> **Task requirements**
Would you please copy all of the data exactly, skipping the images?

> **Data below**
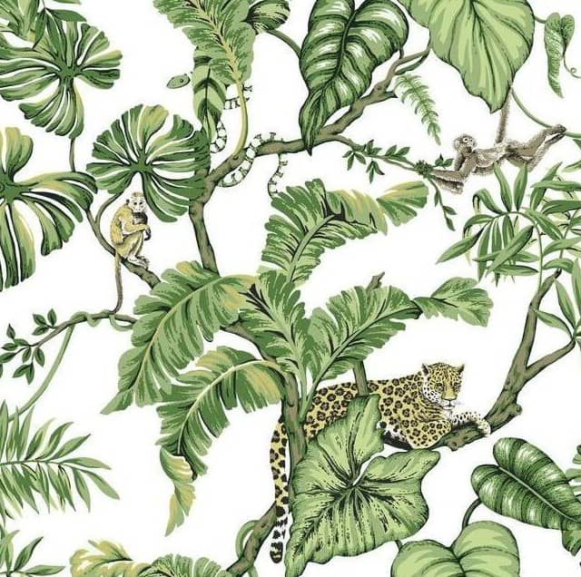 Pobierz teksturęTropikalna tapeta o wzorze liści i dzikich zwierząt amerykańskiej marki York Wallcoverings.
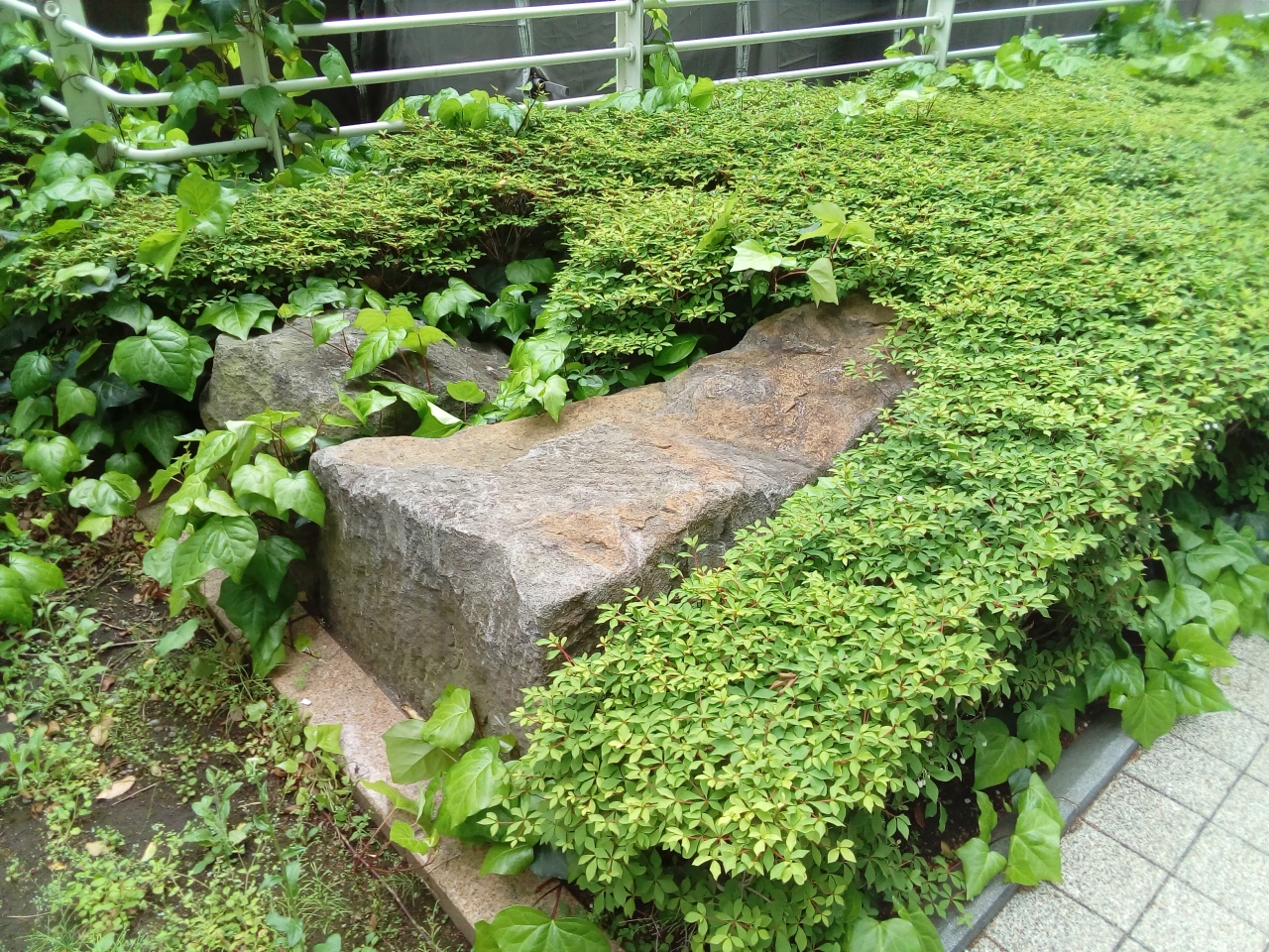 地下鉄大手町駅からすぐの大手町フィナンシャルシティ北側に神田川に沿って広場がありますが、そこにポツンと掲示と一緒にあります。あるものは写真のとおりで、注意しておかないと見逃すこと間違いなしです。江戸時代の遺跡と近代的なビジネス街との共存、これが大手町なのでしょうね。
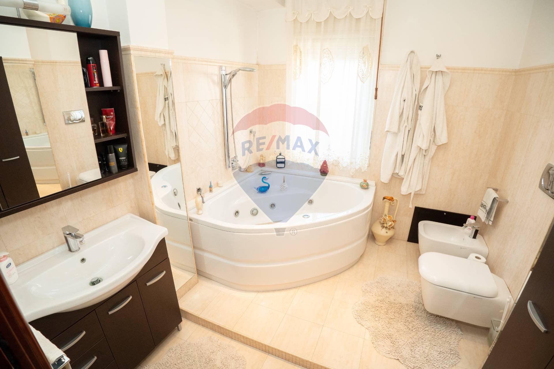 f) Bagno ampio con vasca e finestra;

> **Result for this exercise**
 Pobierz teksturęTropikalna tapeta o wzorze liści i dzikich zwierząt amerykańskiej marki York Wallcoverings.
 地下鉄大手町駅からすぐの大手町フィナンシャルシティ北側に神田川に沿って広場がありますが、そこにポツンと掲示と一緒にあります。あるものは写真のとおりで、注意しておかないと見逃すこと間違いなしです。江戸時代の遺跡と近代的なビジネス街との共存、これが大手町なのでしょうね。
 f) Bagno ampio con vasca e finestra;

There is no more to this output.